Oh and that Hell on Wheels looks pretty good. I've been getting in western style movies and tv shows lately, so I'll check it out.


----------



## 13500 (Apr 22, 2010)

Sandpiper said:


> Sorry, Brothers and Sisters is "over and out". It really went downhill in the last season or two.


Drat! I did not hear that. Thanks for the info.

Okay, then

Modern Family
Grey's Anatomy 
Glee


----------



## BTackitt (Dec 15, 2008)

Castle
CSI: (Las Vegas version)
Criminal Minds

(CSI & Criminal Minds both relate to a class I am now taking in Forensic Pathology.)


----------



## Meemo (Oct 27, 2008)

Modern Family
Castle
The Mentalist
The Walking Dead

I know that's 4, I'm a rebel....


----------



## B-Kay 1325 (Dec 29, 2008)

My favorites are:
Glee (I have both Seasons 1 & 2 on DVD's)
Dancing With the Stars
Criminal Minds
I love all the singing competition shows, so looking forward to then all starting.
Without a Trace

I know more than 3 but who's counting, I watch a lot of TV, pretty much my choice of entertainment.


----------



## balaspa (Dec 27, 2009)

Well Dr. Who is one for me, but that has already started.  Was also looking forward to Top Gear, which is now also mid-season.  House was one, since I was dying to know where it was going to go next.  

I used to have a show I looked forward to every night of the week.  Not so much these days.


----------



## Casper Parks (May 1, 2011)

The Event
Fringe
The Mentalist


----------



## JimJ (Mar 3, 2009)

Casper Parks said:


> The Event


Sorry to be the bearer of bad news, but The Event was canceled. There's been talks of continuing it on SyFy, possibly as a TV movie or miniseries, but nothing has been confirmed yet.


----------



## Kristan Hoffman (Aug 6, 2009)

Grey's Anatomy and Nikita! Don't have a 3rd because So You Think You Can Dance is a summer season show.

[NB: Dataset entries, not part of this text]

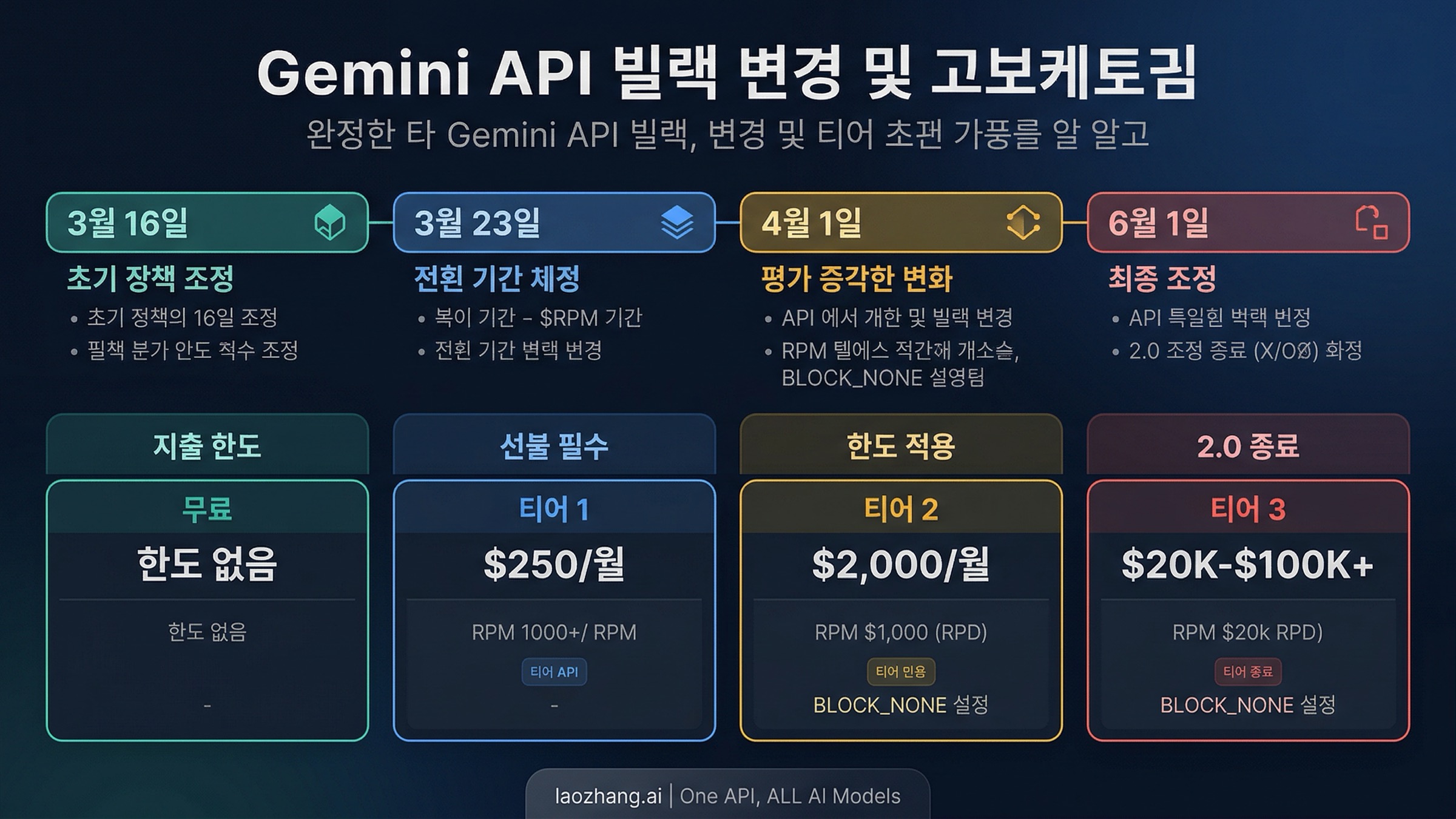 이번 변경의 전체 범위를 이해하려면 Google의 Gemini API 과금 방식을 재편하는 네 가지 핵심 날짜를 살펴봐야 합니다. 각 날짜에 서로 다른 변경 사항이 도입되며, 하나라도 놓치면 예상치 못한 서비스 중단이나 요금이 발생할 수 있습니다.
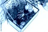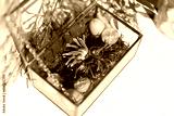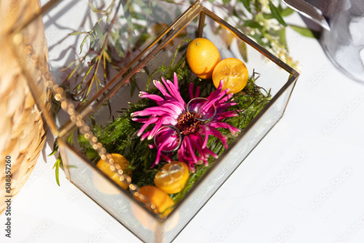 Close up view of wedding rings in transparent box with flower and citrus inside.
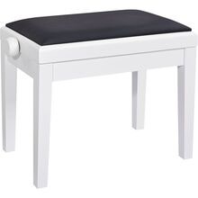 Høydejusterbar pianokrakk i massivt tre, hvit matt finish med svart kunstskinnsete
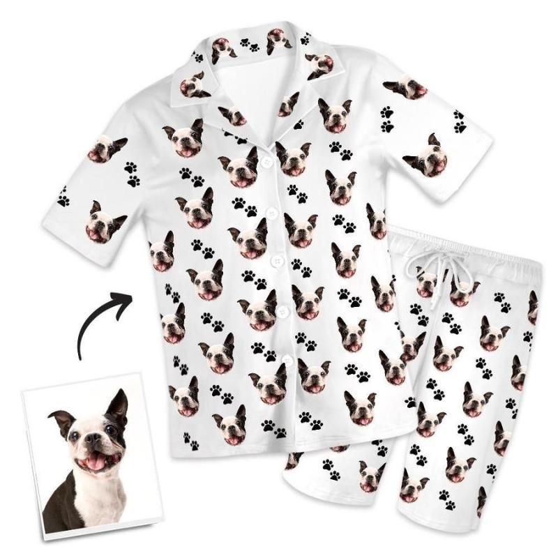 Custom Dog Photo Short Pajama Pants-Footprints

Btw, if anyone wants to join in a Grey's discussion with me and other fans, I started a thread last year and hope/plan to keep it going this year: http://www.kboards.com/index.php/topic,65403.0.html


----------



## NapCat (retired) (Jan 17, 2011)

Rin Tin Tin
Fury
Sky King


----------



## Meemo (Oct 27, 2008)

NapCat said:


> Rin Tin Tin
> Fury
> Sky King


Oh, now you're talkin'! I didn't watch Rin Tin Tin too much, but I loved Sky King and Fury!


----------



## Nell Gavin (Jul 3, 2010)

2 1/2 men
Modern Family
Community
30 Rock


----------



## Nell Gavin (Jul 3, 2010)

MaryKingsley said:


> Mad Men, delayed until March because of contract problems


My Tivo recorded all of the Mad Men episodes, beginning from the first one. I didn't realize they'd be even better the second time around, so I'm rationing them and watching them slowly, hoping they'll last until March.


----------



## Ty Johnston (Jun 19, 2009)

Dexter
Modern Family
Eastbound and Down


----------



## Meemo (Oct 27, 2008)

Ty Johnston said:


> Dexter
> Modern Family
> Eastbound and Down


Oh my gosh, how did I forget Dexter 
(On a side note I've never watched Eastbound and Down but I feel compelled to this season since it's being filmed around my favorite part of the world, Myrtle Beach.)


----------



## Michael Cargill (Sep 12, 2011)

Firefly.  Always Firefly.

Carnivale was a good 'un as well.  And Arrested Development.


----------



## Elizabeth Black (Apr 8, 2011)

1. Hawaii Five-0, because I can start up Man Candy Tuesday on my blog again. 

2. The Walking Dead

3. Psych


----------



## Cristian YoungMiller (Mar 3, 2011)

Elizabeth Black said:


> 1. Hawaii Five-0, because I can start up Man Candy Tuesday on my blog again.
> 
> 2. The Walking Dead
> 
> 3. Psych


I have to say that I really enjoy Psych.


----------



## Ty Johnston (Jun 19, 2009)

I'd like to add, Game of Thrones and The Walking Dead are probably shows I _would _enjoy, but I don't watch them mainly because I just don't have that much time to watch TV. And I keep putting off reading Martin's novels for a variety of reasons, though I have them. I've read The Walking Dead graphic novels, and for the most part enjoyed them (there were a few places I felt the story got too melodramatic, but that was rare).


----------



## Victoria J (Jul 5, 2011)

Vegas_Asian said:


> Really Sherlock? WHEN!?
> 
> Sent from my HTC Inspire via Tapatalk


I know this is totally late because I haven't been in this thread for a while but I'm assuming that the second season starts (in the US anyway) in October.


----------



## vikingwarrior22 (May 25, 2009)

1. House

2. Castle

3. NCIS (org.)


----------



## Victoria J (Jul 5, 2011)

Michael Cargill said:


> Firefly. Always Firefly.
> 
> Carnivale was a good 'un as well. And Arrested Development.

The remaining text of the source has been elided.